▶ **Activity**:
Of the entries below, return exactly those lines that fall between the one containing "Powertrain calibration information" and the one containing "Transações que necessitarem", the two end lines included.
___ Given records
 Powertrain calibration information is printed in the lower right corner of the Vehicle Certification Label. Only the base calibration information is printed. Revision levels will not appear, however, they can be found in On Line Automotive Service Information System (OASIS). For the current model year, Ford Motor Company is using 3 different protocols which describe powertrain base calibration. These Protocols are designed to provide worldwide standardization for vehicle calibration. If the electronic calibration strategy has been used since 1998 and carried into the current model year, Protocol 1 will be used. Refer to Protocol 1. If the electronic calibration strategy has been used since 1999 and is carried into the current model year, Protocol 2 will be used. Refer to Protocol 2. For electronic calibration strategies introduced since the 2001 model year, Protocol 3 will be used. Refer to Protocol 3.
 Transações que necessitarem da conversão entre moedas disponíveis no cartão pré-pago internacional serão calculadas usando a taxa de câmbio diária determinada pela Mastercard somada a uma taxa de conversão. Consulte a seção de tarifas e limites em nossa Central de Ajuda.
______
___ Given records
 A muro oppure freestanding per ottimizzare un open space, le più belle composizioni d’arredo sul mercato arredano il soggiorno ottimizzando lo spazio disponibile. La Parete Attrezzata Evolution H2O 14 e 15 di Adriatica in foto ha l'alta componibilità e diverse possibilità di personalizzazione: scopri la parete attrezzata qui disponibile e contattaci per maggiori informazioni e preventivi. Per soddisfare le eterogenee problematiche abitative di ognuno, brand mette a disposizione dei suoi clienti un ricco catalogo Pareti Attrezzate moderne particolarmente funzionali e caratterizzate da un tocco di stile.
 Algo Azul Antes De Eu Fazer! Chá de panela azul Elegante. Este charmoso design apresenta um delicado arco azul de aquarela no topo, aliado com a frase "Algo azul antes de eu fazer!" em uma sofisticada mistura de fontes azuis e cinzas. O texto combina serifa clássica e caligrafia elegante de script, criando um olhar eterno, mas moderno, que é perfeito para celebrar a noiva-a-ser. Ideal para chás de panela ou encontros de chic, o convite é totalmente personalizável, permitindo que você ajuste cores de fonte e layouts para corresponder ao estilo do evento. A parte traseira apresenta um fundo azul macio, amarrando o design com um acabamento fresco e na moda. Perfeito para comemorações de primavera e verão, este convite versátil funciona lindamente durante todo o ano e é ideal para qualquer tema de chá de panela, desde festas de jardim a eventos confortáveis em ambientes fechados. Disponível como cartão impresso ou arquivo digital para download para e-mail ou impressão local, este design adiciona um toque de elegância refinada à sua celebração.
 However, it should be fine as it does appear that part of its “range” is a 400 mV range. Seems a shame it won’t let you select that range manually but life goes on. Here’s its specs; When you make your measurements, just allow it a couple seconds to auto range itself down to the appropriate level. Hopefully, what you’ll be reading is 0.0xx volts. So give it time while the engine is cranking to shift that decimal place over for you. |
______
▶ **Answer to this exercise**:
 Powertrain calibration information is printed in the lower right corner of the Vehicle Certification Label. Only the base calibration information is printed. Revision levels will not appear, however, they can be found in On Line Automotive Service Information System (OASIS). For the current model year, Ford Motor Company is using 3 different protocols which describe powertrain base calibration. These Protocols are designed to provide worldwide standardization for vehicle calibration. If the electronic calibration strategy has been used since 1998 and carried into the current model year, Protocol 1 will be used. Refer to Protocol 1. If the electronic calibration strategy has been used since 1999 and is carried into the current model year, Protocol 2 will be used. Refer to Protocol 2. For electronic calibration strategies introduced since the 2001 model year, Protocol 3 will be used. Refer to Protocol 3.
 Transações que necessitarem da conversão entre moedas disponíveis no cartão pré-pago internacional serão calculadas usando a taxa de câmbio diária determinada pela Mastercard somada a uma taxa de conversão. Consulte a seção de tarifas e limites em nossa Central de Ajuda.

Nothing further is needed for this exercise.